看著幾個人離開的背影,李建國緊緊握著拳頭,指關節都發白了。
03
接下來的幾天,李建國的生活徹底被打亂了。先是莫名其妙地停水停電,他去供電局詢問,得到的答復是"設備維修"。
然后是垃圾車不再清理他家門口的垃圾,任由垃圾堆積發臭。最過分的是,連買菜都成了問題——附近的商販都被警告不許賣東西給他。

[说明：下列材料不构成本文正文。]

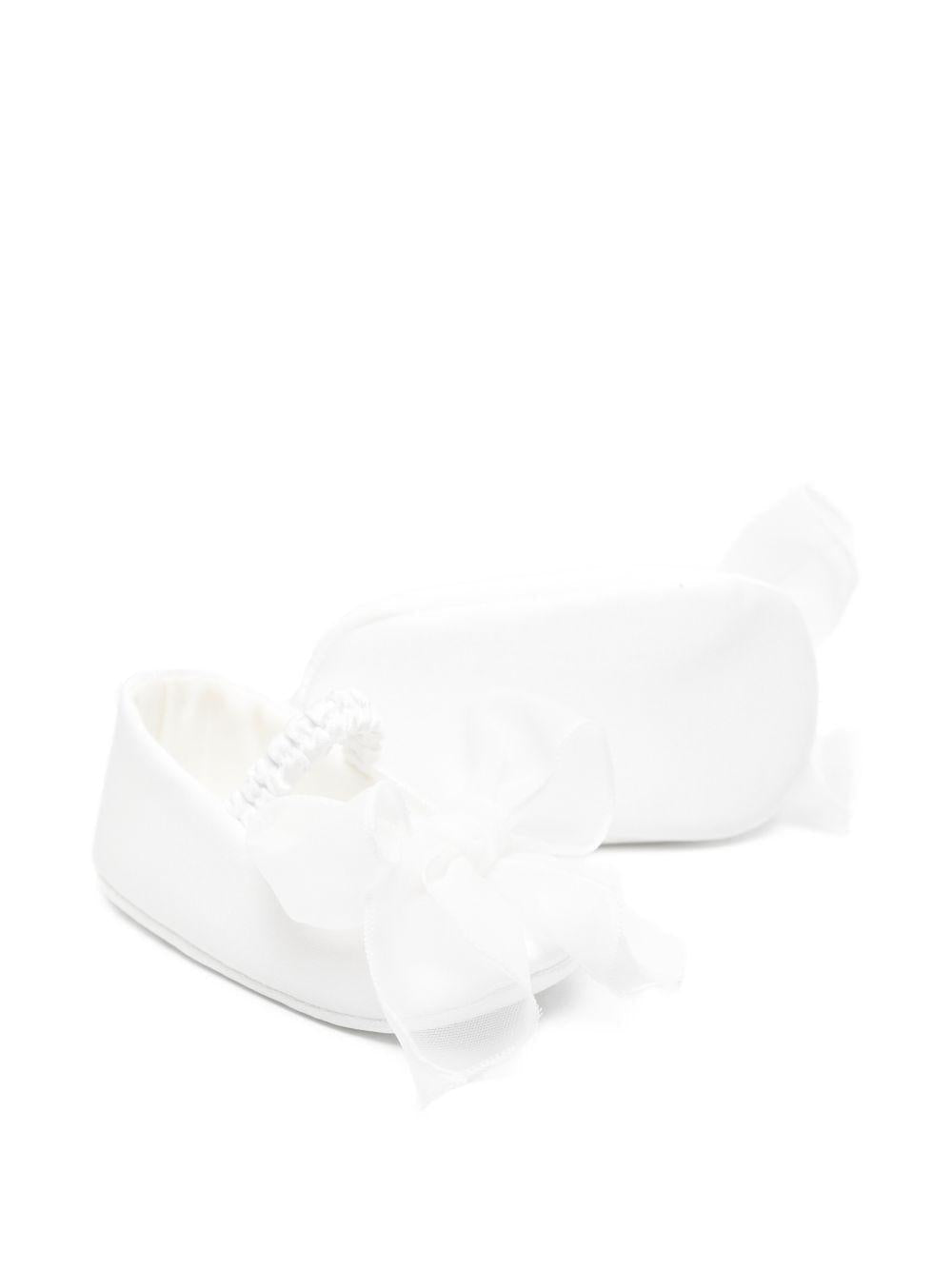 The Colorichiari white baby girl ballet flats with bow are available on the RubinoKids.com online store. Made of 100% fabric, they feature a white color, bow, elasticized trims, a round toe, and a flat sole. Available in various sizes, they are part of the Colorichiari Spring/Summer 2026 collection and are available for 24-48 hour delivery in Italy.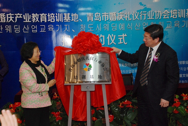 近日,中韩婚庆产业教育培训基地、青岛市婚庆礼仪行业协会培训基地揭牌签约仪式在今年会jinnianhuicom院举行。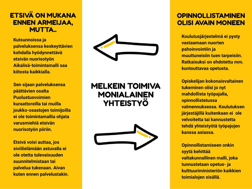 Monialainen yhteistyö ja nuorten palvelut alueellisella ja paikallisella tasolla kärsivät siitä, että eri hallinnonalat valtion tasolla eivät suunnittele tulevia uudistuksia, rahoituksia ja palveluja alusta lähtien yhdessä. Koordinaation puute tuottaa ennakoimattomia, negatiivisia ja ei-tarkoitettuja vaikutuksia, joiden nyt huomataan kumuloituvan ennen näkemättömillä tavoilla. Hinnan tästä maksavat lopulta ne kansalaiset, jotka tarvitsisivat asiakaslähtöisiä, oikea-aikaisia palveluita.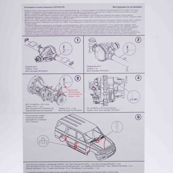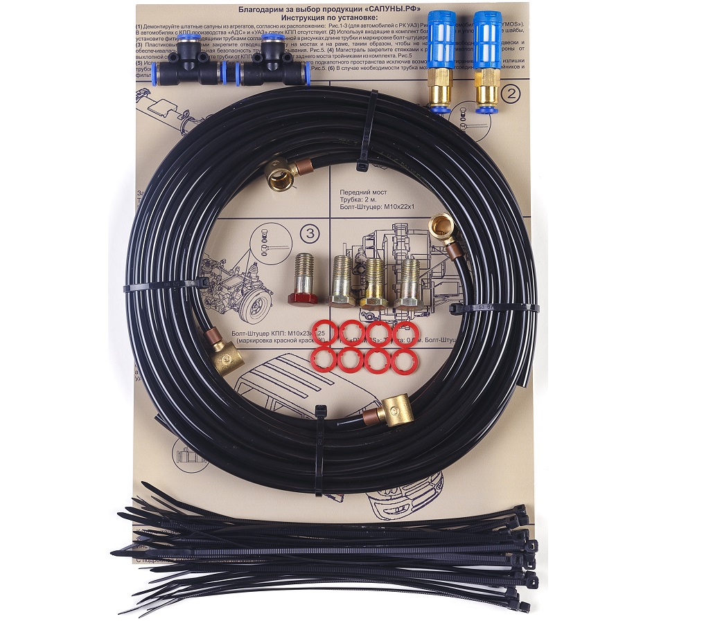 Комплект полностью обновлен с учетом особенностей конструкции автомобиля и собранного опыта за три года. Укомплектован в два раза большим количеством крепежа, а также морозостойкой трубкой с диапазоном температур от -50…+100°С. Металлические фитинги и болт-штуцеры надежно фиксируются к агрегатам. Трубка, обжатая медным кольцом, защищает магистраль от обрывания (соединение выдерживает давление до 9 атм). Позволяет перенести штатные сапуны в максимально высокую по отношению к автомобилю точку, защитить их от попадания воды, пыли и грязи. Избежать течей, частого выхода из строя и замены сальников. Является частью обязательных мер по подготовке автомобиля к преодолению водных преград. Благодаря простой и надежной конструкции он легко монтируется на автомобиль и не требует специальных навыков. При изготовлении комплекта используются только высококачественные детали выдерживающие перепады температур и воздействие химических реагентов. Мы использовали принципиально новую технологию, выгодно отличающуюся от уже суще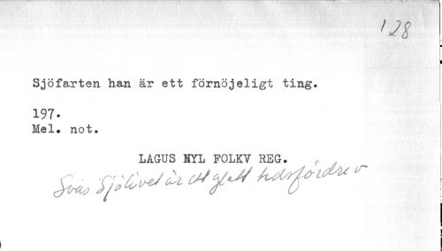 //// 'Jg //// ¦ //// i //// i //// Sjöfarten han är ett förnöjeligt ting. //// 197. //// Mel. not. //// LAGUS HYL POLKY REG. //// 1 //// 5 ////

"李大爺,您還是簽了吧。"王大媽趁著夜色,偷偷給他送了點菜和蠟燭,"聽說他們要動真格的了。今天有人來問我您的情況,問得可詳細了。"
"動真格?"李建國點燃蠟燭,昏暗的燭光在屋子里搖曳,"我倒要看看他們能把我怎么樣!"
"您一個老人家,何必和他們硬碰硬呢?"王大媽擔心地說,"要不您先搬到我家住幾天?"
"謝謝你的好意,但我哪也不去。"李建國倔強地說,"我李建國這輩子,從來沒向任何人低過頭!"
"可是......"
"沒有可是!"李建國打斷了她的話,"要拆就拆,要搶就搶,反正我一個糟老頭子,他們能拿我怎么樣?"
當天晚上,李建國躺在床上翻來覆去睡不著。沒有電,屋子里漆黑一片,只能聽到老鼠在墻角窸窸窣窣的聲音。透過窗戶,他看到外面有幾個黑影在院子周圍轉悠,還不時地用手電筒往屋里照。
"咚咚咚!"
半夜時分,突然有人用力敲門,聲音在寂靜的夜里顯得格外刺耳。
"誰啊?"李建國問,但沒有起床。
"查水表的!"門外傳來粗暴的聲音。
"大半夜查什么水表?明天再來!"
"快開門!我們有急事!"
李建國當然不會開門,而是悄悄從窗戶往外看。院子里站著四五個年輕人,手里拿著棒球棍和鐵棍,一看就不是什么好人。
他知道,真正的麻煩來了。這些人顯然是受人指使來威脅他的。
"老頭子,你別裝死!我們知道你在里面!"外面的人開始變得暴躁,"今天不開門,明天我們就撬門!"
李建國緊緊握著手中的搟面杖,這是他唯一的武器。雖然年紀大了,但他的眼神依然堅定。
04
第二天上午,李建國正在院子里曬被子。
雖然經歷了昨晚的恐嚇,但他依然按照往常的習慣生活著。
突然聽到外面傳來汽車的聲音,還有輪胎摩擦地面的刺耳聲響。
一輛破舊的面包車停在門口,車身上滿是劃痕和銹跡。
從車上下來七八個人,個個都是膀大腰圓,一副混社會的模樣。
為首的是一個光頭男子,脖子上戴著粗大的金鏈子,手臂上滿是紋身。
"您就是李建國吧?"光頭男子推開院門,大搖大擺地走了進來,完全沒把李建國放在眼里。
"你們是誰?"李建國放下手中的被子,警惕地問。
"我姓劉,朋友們都叫我劉二狗。"光頭男子咧嘴笑了笑,露出一口被煙熏黃的牙齒,"今天來是想和大爺您聊聊天。"
"我和你們沒什么好聊的。"李建國直接拒絕。
"哎,大爺,您別這么說嘛。"劉二狗示意身后的人散開,把李建國圍在中間,"咱們都是文明人,有話好好說。聽說您不愿意搬家?"
"這是我的家,我為什么要搬?"
"大爺,您說得對,家確實很重要。"
劉二狗點了根煙,慢慢地吸了一口,"但是您看,您年紀這么大了,一個人住這么大的院子,多孤單啊。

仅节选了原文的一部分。